Paediatric Cardiovascular Examination
A paediatric cardiovascular examination is a critical component of assessing a child with suspected heart disease. Unlike an adult exam, it requires a careful, calm approach, often starting with observation to avoid distressing the child. The focus is on a structured, top-to-toe assessment to identify subtle signs of cardiac compromise.
General Examination
Begin by observing the child from the end of the bed.
General Appearance: Note if the child is comfortable at rest or is showing signs of distress, such as being breathless. Assess their overall state of health—are they well-nourished? Plot their weight and height on a growth chart, as poor growth can be a sign of a significant congenital heart defect.
Vital Signs:
Heart Rate: Record the heart rate and note if it’s regular. Be aware of the normal ranges, which are higher in children and vary significantly with age.
Pulse Assessment: Check for a radial-femoral pulse delay, which is a classic sign of coarctation of the aorta. A bounding pulse may suggest a patent ductus arteriosus (PDA).
Capillary Refill Time (CRT): Check CRT centrally (on the sternum) and peripherally (on a fingertip). A prolonged CRT (>2 seconds) can indicate poor perfusion or shock.
Respiratory Rate: A high respiratory rate or signs of increased work of breathing (nasal flaring, tracheal tug, intercostal recession) can be a sign of heart failure.
Systemic Signs: Look for signs of cardiac or systemic disease.
Cyanosis: Assess for a bluish discolouration of the skin, especially in the lips and tongue (central cyanosis), as this is a sign of poor oxygenation.
Clubbing: Look for clubbing of the fingers, a sign of chronic hypoxia.
Oedema: Check for oedema, particularly in the face and lower legs in older children, as it can be a sign of fluid overload or right-sided heart failure.
Dysmorphic Features: Many congenital heart diseases are associated with specific syndromes (e.g., Down syndrome, DiGeorge syndrome).

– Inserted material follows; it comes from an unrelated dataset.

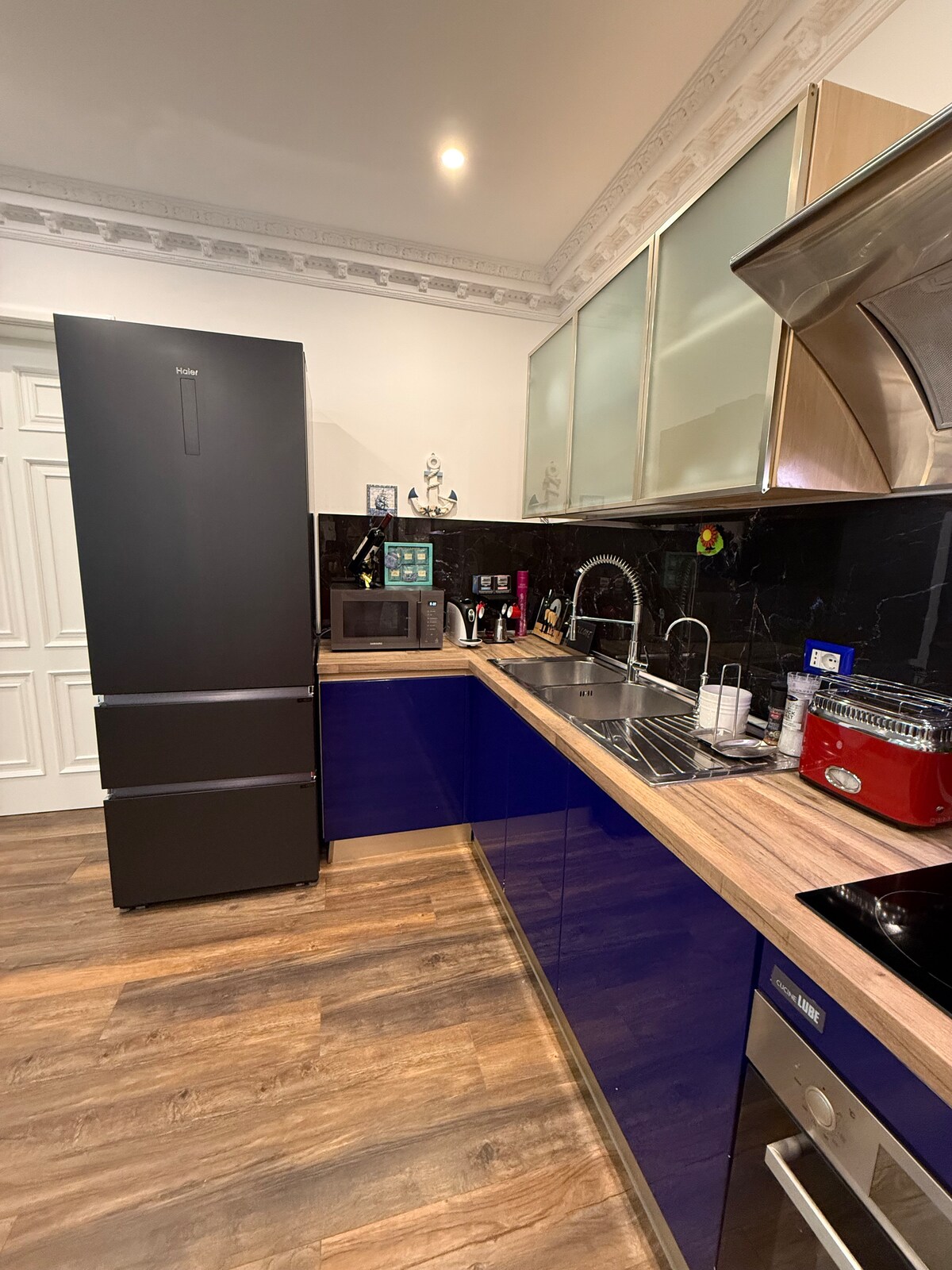 Izbaudiet moderno greznību mūsu skaisti iekārtotajā dzīvoklī, kas atrodas tikai 50 metru attālumā no senatnīgajiem Vloras krastiem. Mūsu dzīvoklis ar satriecošām logu sienām piedāvā elpu aizraujošu fonu jūsu ceļojumam. Izbaudiet pilnībā aprīkotu virtuvi, ātru Wi-Fi, gaisa kondicionētāju un plašu dzīvojamo zonu, kas ir ideāli piemērota atpūtai vai izklaidei. Atrodoties dinamiskajā Lungomare rajonā, jums būs viegli pieejamas labākās maltītes, iepirkšanās un izklaides iespējas, ko piedāvā Vlora.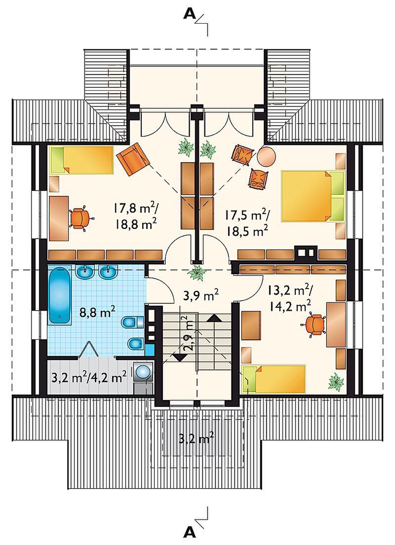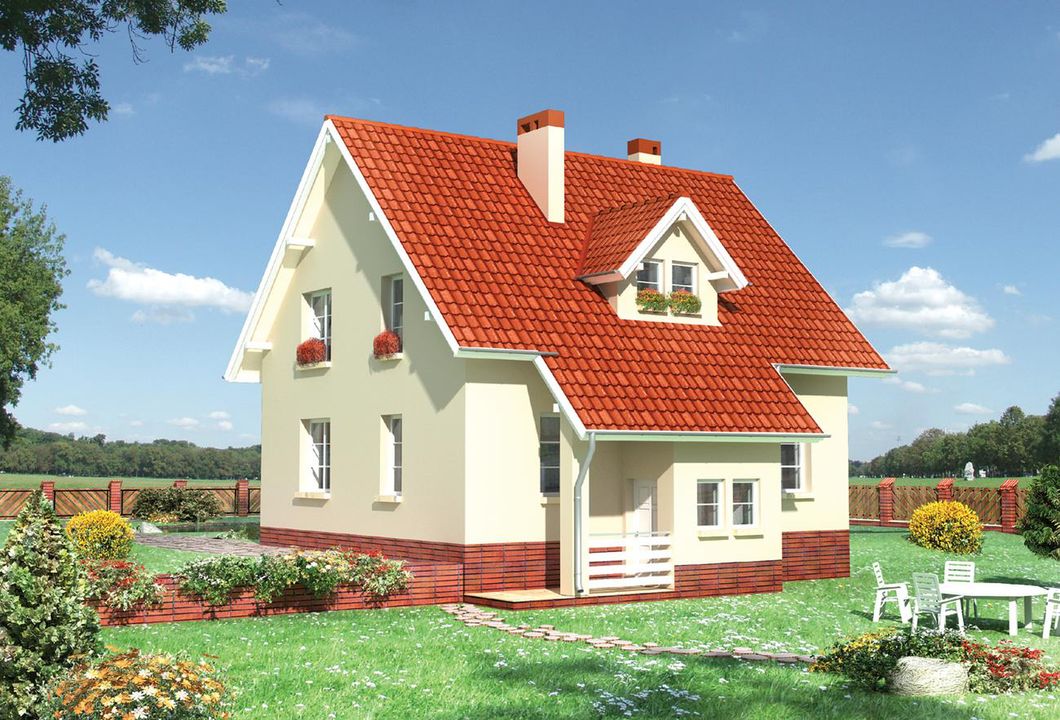 Graficzne opracowanie rzutów poglądowych widocznych na karcie projektu zostało wykonane przez Extradom.pl. Prezentowane przez Extradom.pl wizualizacje wykonane zostały przez autora projektu i należy poczytywać je jedynie za przykład i propozycję wykończenia, wizję architektoniczną autora projektu. Ostateczne wykończenie budynku może nastąpić na wiele sposobów. Szczegółowe rozwiązania zastosowane w oferowanej dokumentacji - w tym również ilość, lokalizacje i wygląd okien, drzwi, kominów - mogą w niewielkim stopniu różnić się od prezentowanej wizualizacji budynku.

Cardiovascular Examination
Inspection
Precordium: Look for visible scars from previous surgery, such as a midline sternotomy or left lateral thoracotomy. Note any chest wall deformities like pectus excavatum.
Heave: A parasternal heave is an outward movement of the chest wall near the sternum, suggesting right ventricular hypertrophy.
Palpation
Apex Beat: Locate the apex beat, which is typically in the 4th intercostal space at the left mid-clavicular line in infants and the 5th in older children.
Thrills: Palpate over all four heart areas for a thrill, a palpable vibration that indicates a loud murmur.
Auscultation
Heart Sounds (S1 & S2): Listen to the S1 and S2 heart sounds over all four areas (aortic, pulmonary, tricuspid, mitral).
S2 Split: A widely split S2 that does not vary with respiration is a classic sign of an atrial septal defect (ASD).
Murmurs: If a murmur is heard, characterise it thoroughly.
Timing: Is it systolic, diastolic, or continuous? A systolic murmur occurs between S1 and S2.
Location: Where is it loudest?
Radiation: Does it radiate? For example, an aortic stenosis murmur may radiate to the carotids, while a mitral regurgitation murmur may radiate to the left axilla.
Quality and Intensity: Is it loud, soft, harsh, or blowing?
Extra Sounds: Listen for an S3 (a gallop rhythm, which can indicate heart failure) or a pericardial rub (suggesting pericarditis).
Paediatric Cardiac Emergencies
Septic Shock: A child with a cardiac defect can deteriorate rapidly with sepsis.
Heart Failure: Signs include poor feeding, lethargy, tachypnoea, and hepatomegaly.
Arrhythmias: A sudden change in heart rate can indicate a life-threatening arrhythmia.
Cyanosis: A new or worsening episode of cyanosis in an infant with a known heart defect requires urgent attention.